На следующий день дирижер назначил репетицию на пять часов вечера и попросил певцов пропеть оперу в обратном порядке: от третьего акта до первого. На этот раз Карузо решил не упрямиться и спел так, как хотел Тосканини, включая до в арии первого действия. Дирижер успокоился, но при этом назначил еще одну репетицию — на девять часов того же вечера. Карузо был потрясен — ведь все исполнители были совершенно измучены. Он готов уже был взорваться, но Эмма Карелли его успокоила, сказав, что все будут петь вполголоса.

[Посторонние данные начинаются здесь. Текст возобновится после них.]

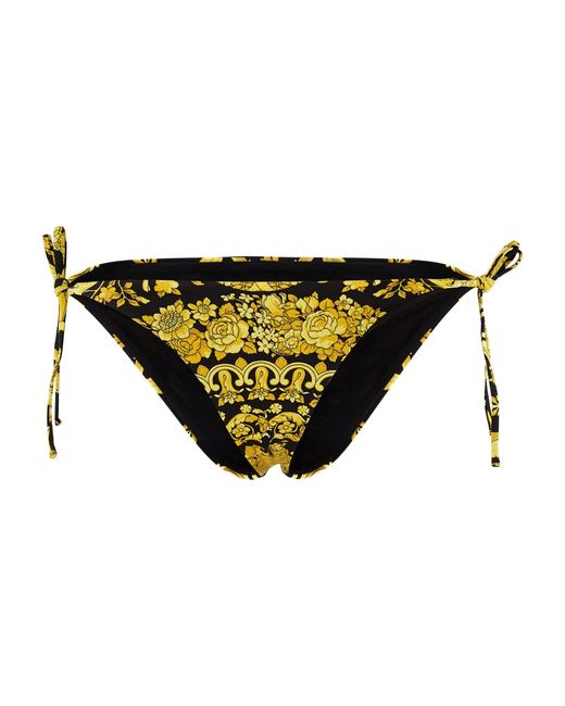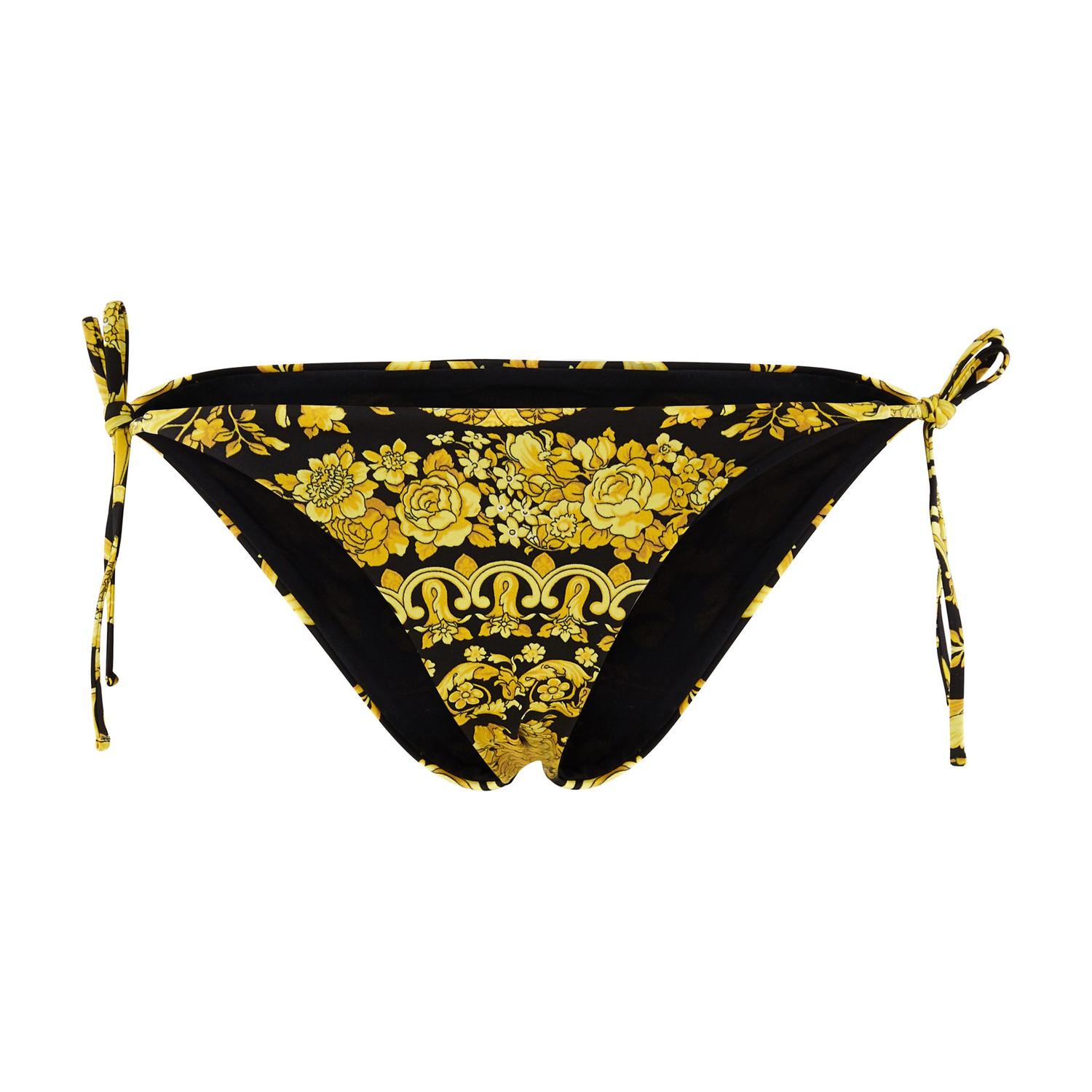 Dieser seitlich gebundene Bikini-Unterteil ist eine Kreation von Versace. Es ist mit dem für das italienische Haus typischen Barockmuster bedruckt. Ideal in Kombination mit dem dazugehörigen Oberteil. Farbe: schwarz

Однако во время репетиции Карелли приметила в зале несколько ведущих музыкальных критиков и запела полным звуком. Карузо не поддержал партнершу и вновь запел вполголоса. Тосканини пришел в бешенство. В антракте директор театра Джулио Гатти-Казацца попытался уговорить не менее разъяренного тенора выполнить условия дирижера, но Карузо категорически отказался и в следующем действии начал петь прежним образом. Тосканини остановил репетицию и уставился на тенора. Наступила зловещая тишина. Дирижер направил палочку на тенора и ледяным голосом произнес:
— Если ты не будешь петь так, как мне нужно, я отказываюсь продолжать репетицию.
Энрико, стараясь быть предельно вежливым и сдержать нахлынувшие эмоции, ответил, что устал и не будет выполнять это требование. Тосканини положил палочку и вышел из оркестровой ямы, а вслед за ним разошлись по гримуборным и артисты, втайне радуясь, что пусть даже таким образом закончился этот кошмарный день. Все были потрясены — никто не мог припомнить случаев открытого неповиновения диктатору, каким был Тосканини. К Карузо один за другим шли представители администрации, пытаясь его уговорить помириться с дирижером. Однако Энрико никого не желал слушать. Он был настолько возмущен, что хотел расторгнуть контракт, вернуть аванс и немедленно покинуть Милан. И только аргументы столь изысканного дипломата, как герцог Висконти, одного из «соправителей» «Ла Скала», смогли на него повлиять. Герцог напомнил, что Карузо отвечает не только за себя — он подводит партнеров и самого композитора — ведь «Богема» идет в театре впервые. Он предложил Энрико вернуться на сцену и закончить репетицию. Последнему ничего не оставалось, как согласиться. Тосканини, которого Висконти также смог успокоить, занял место за дирижерским пультом, и все возобновили работу; закончили ее лишь в час ночи.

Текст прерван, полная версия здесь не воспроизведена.